--
EricBohm - 24 Jun 2008
Thomas Dunning:
- Center is critical to Illinois strategy to become the academic center for extreme scaling computing.
- Allocations on Abe will be available
- 50% of Abe is for IACAT, apply for time through Kale and D Johnson
General:
David Padua: Transforming Programs Automatically
- Compilers
- Vikram A will be contributing a multicore oriented compiler.
- ETA ~ 1 year
- Generators
- schemes for specifying algorithms and then having the code expressed for target machines or tasks
- Libraries
- Short term work can begin on hand/self tuned libraries oriented towards IACAT-CPC needs.
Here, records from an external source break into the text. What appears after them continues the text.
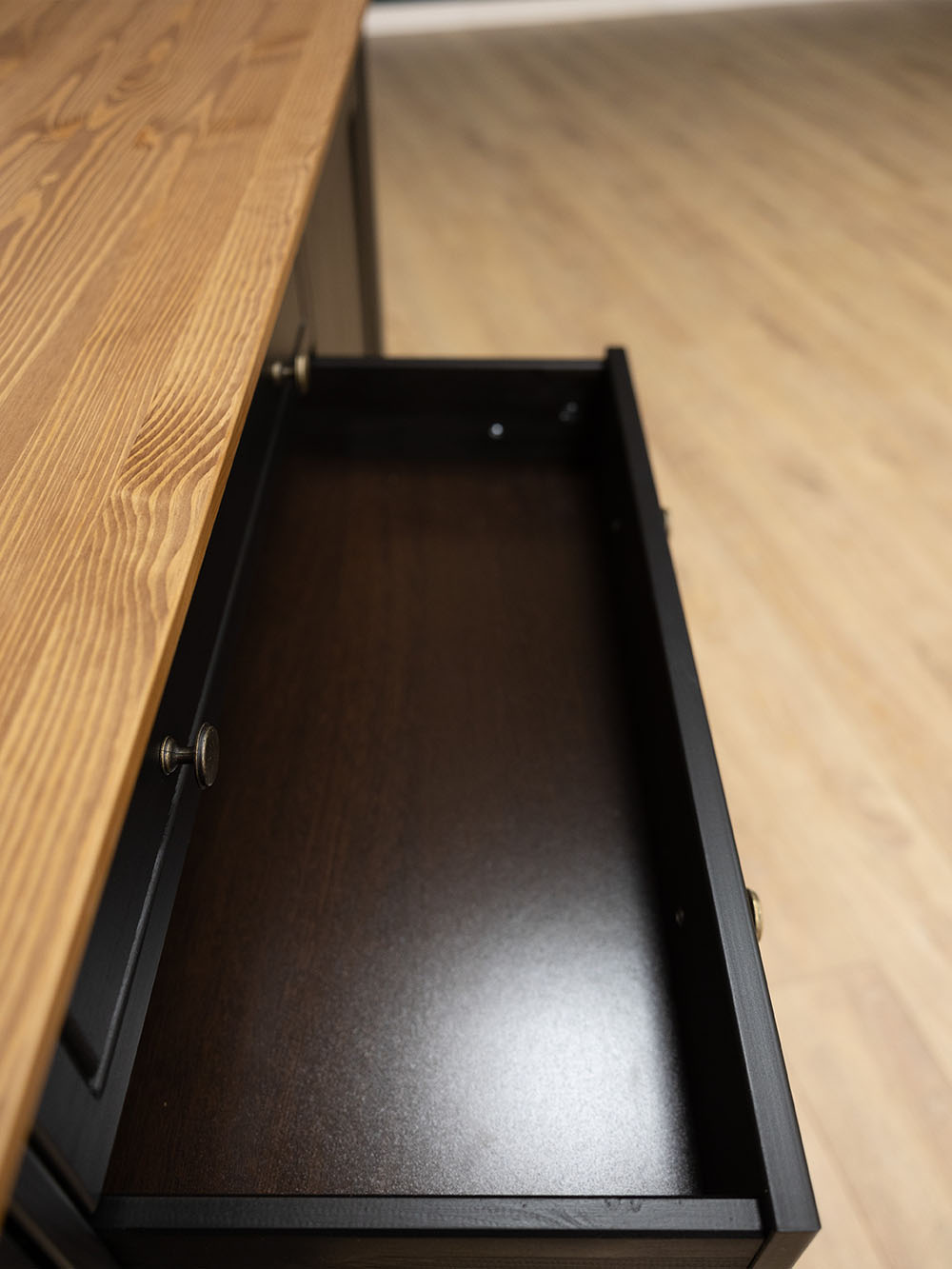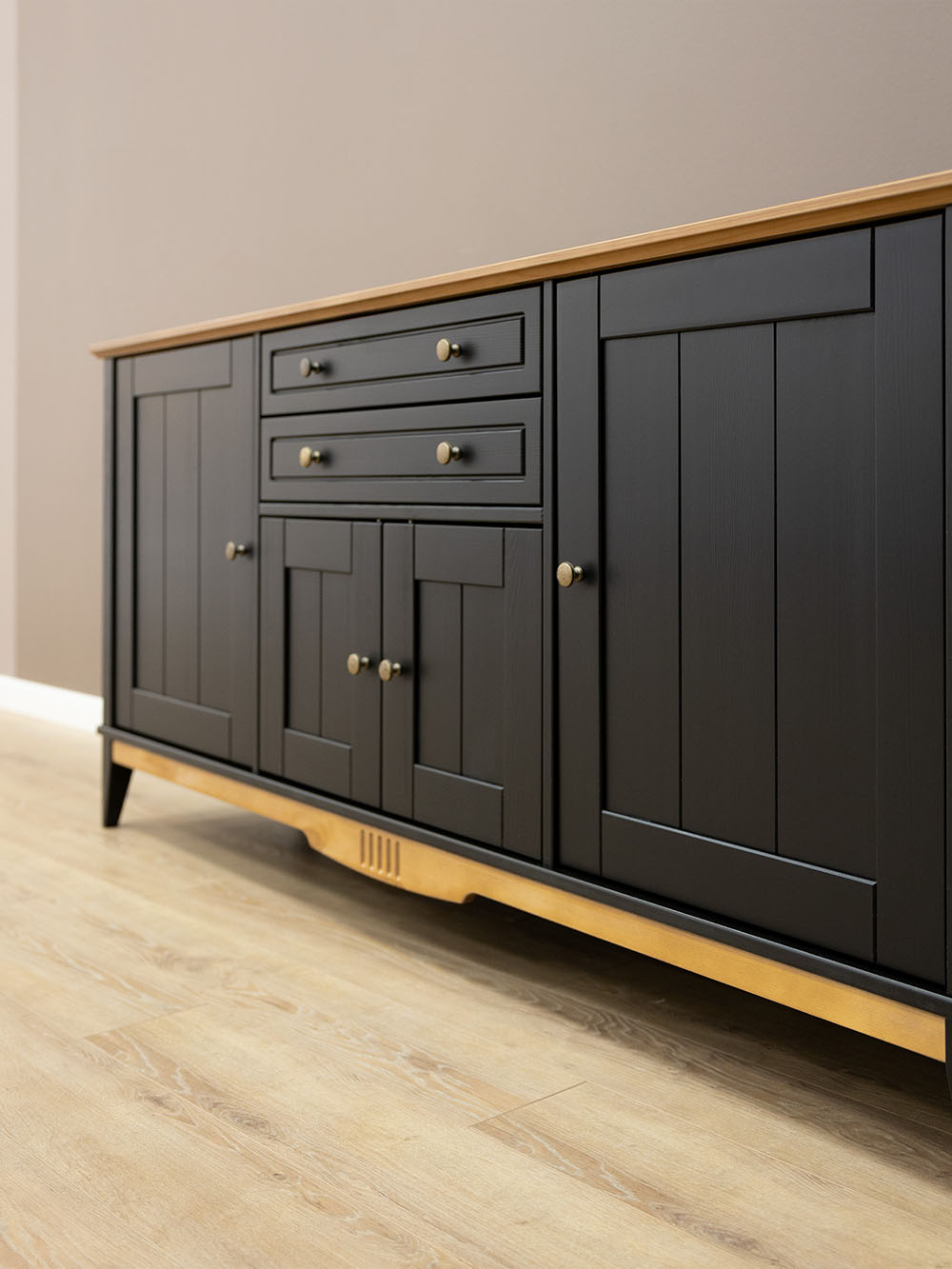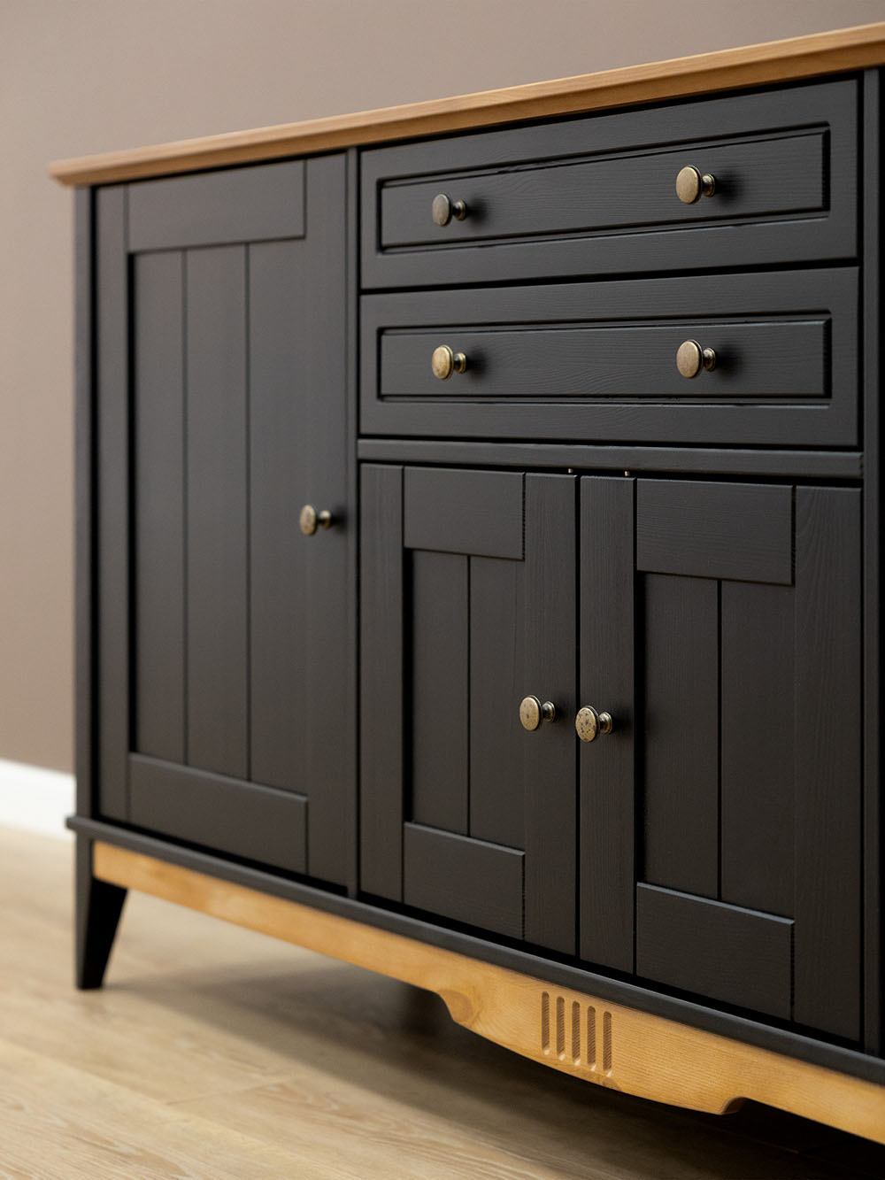 Фурнитура: Петли с доводчиком вкладные. Направляющие скрытого монтажа с доводчиками. Ручка кнопка (состаренное серебро).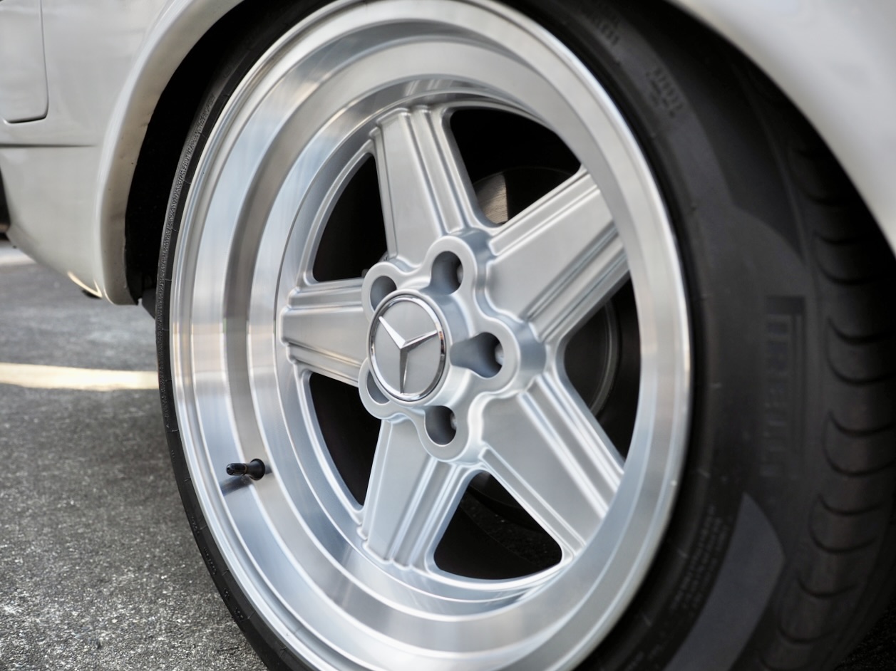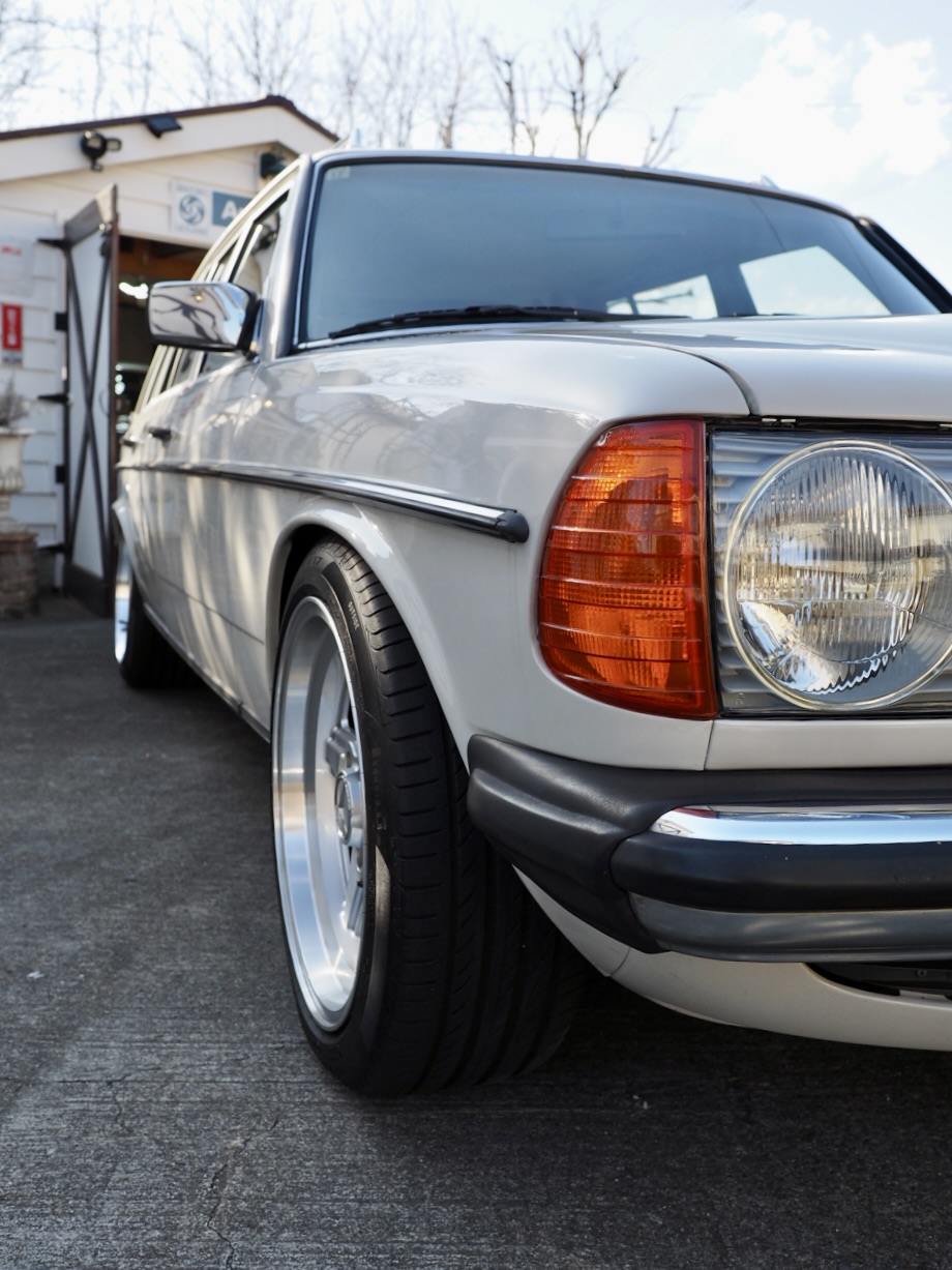 “This was something I absolutely wanted to achieve with the lowering (laughs),” says the owner. Completing the look are custom-made AMG Pentas in an otherwise nonexistent 17-inch size, commissioned from a European specialist. The deep rims are outrageously good-looking. Combined with fresh Pirelli tires, they strike straight at the enthusiast’s heart. With front 8J and rear 9.5J widths, the rear view in particular is commanding, perfectly complementing the car’s long proportions and making it clear this is no ordinary W123 wagon. The original Mercedes “Sazae” wheels have been refinished and are included as well.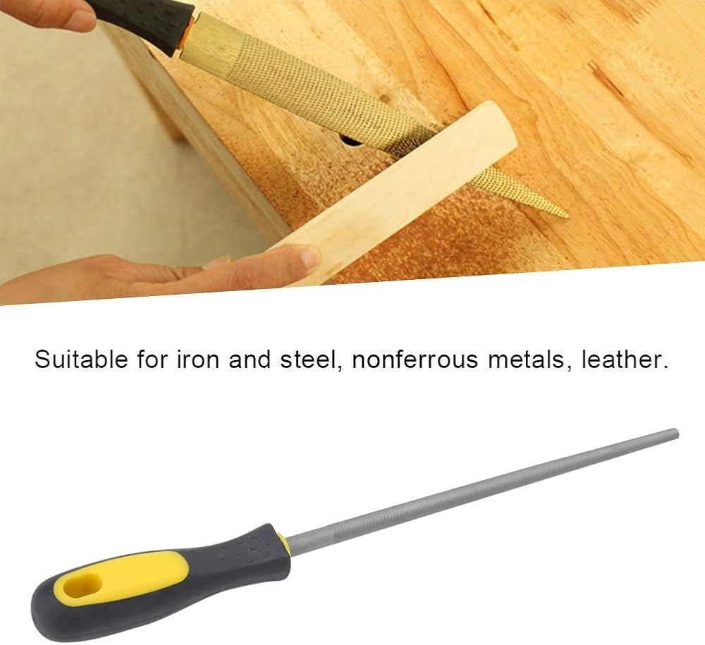 Fdit Lima tonda da 10 pollici con impugnatura ergonomica Utensili in metallo per utensili grossolani Utensili per lime in acciaio al carbonio ad alta resistenza per la lavorazione del legno(2 Impugnatura ergonomica in TPR PP, comoda da impugnare, non ferire la mano, nessuna fatica e più efficiente da usare. La lima in acciaio è realizzata in acciaio al carbonio T12 di alta qualità, incisivo e resistente con elevata durezza e lunga durata. Lime Per Legno Lima Piatta Grande Da 8 Pollici, Strumento Per Affilare Gli Utensili Per File Manuali Lama Per Affilare I File In Acciaio Con Manico Per Affilare I Coltelli, Ascia, Ascia In Metallo(a Denti Lima Per Legno Lo speciale design della forma del dente, uniforme e liscio, migliora efficacemente la capacità di taglio. Una buona scelta per garage, fabbriche, ingegneria, officina.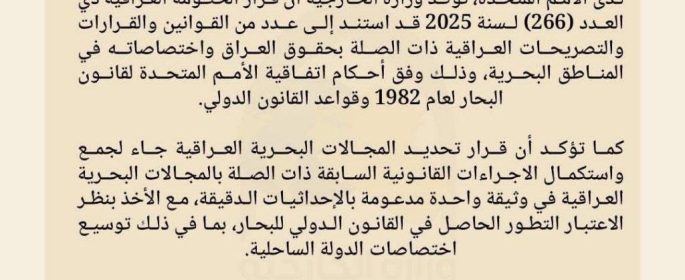 سياسة ـ الرأي ـ أكدت وزارة الخارجية العراقية، اليوم، أن تحديد المجالات البحرية لـالعراق يُعد شأناً سيادياً لا يحق لأي دولة التدخل فيه، وذلك رداً على احتجاج الكويت بشأن هذا الملف وذكرت الوزارة في بيان، أن الإجراءات العراقية استندت إلى القانون الدولي وأحكام الأمم المتحدة، مبينة أن إيداع خريطة المجالات البحرية لدى المنظمة الدولية جاء المزيد

- Auto tuning BLAS routines. (A Duchateau)
- strategy searches unrolling space and loop parameters around innermost loop.
- works by annotation, good for use on critical path computation
Ralph Johnson: Refactoring
- Original design no longer sufficient for current needs.
- Flossing vs Root Canal. Incremental refactoring vs major refactoring
- Have automated test suite
- make small change (15 minutes to 1-2 hours)
- test change to verify
- break large changes into smaller changes
- when adding a feature, do the refactoring first, won't need new tests.
- Optimizations
- qualitatively different in that they add no feature and usually make the code harder to understand
- these manual changes are actually a kind of program transformation
- a refactoring aware version control system can propagate changes forward down branches
- Ask Ralph to help with refactoring issues, improving documentation, and adapting to new technologies
- Automated/interactive refactoring tools (Photran) not yet for general consumption, ~ 1 year
Sanjay Kale: Charm++ and its use in scalable CSE applications
- overdecomposition
- express as much parallelism as there is available, more than the number of cores
- adaptive runtime system
- dynamic load balancing
- performance tools, scalable with automated data mining to highlight performance bottlenecks
- new "languages"
- early performance development via BigSim
- PMPI layer available for using projections tool with MPI codes (without AMPI) idooley@uiuc.edu
David Ceperly: QMCPack
- QMC stochastic sampling to solve many body Schrodinger
- Monte Carlo methods to use random walk approaches
- Branches occur which split walkers which creates some imbalance
- Walkers are weakly coupled, not communication bound
- Computing from the determinant e.g. 100x100 done ~ 10^12 times
- Lapack sherman morrison single column update for matrix inverse to get the determinant
- can be done using 3D spline interpolation table requiring a few hundred operations
- has memory constraint due to table size
- computational bias is 1/number of walkers.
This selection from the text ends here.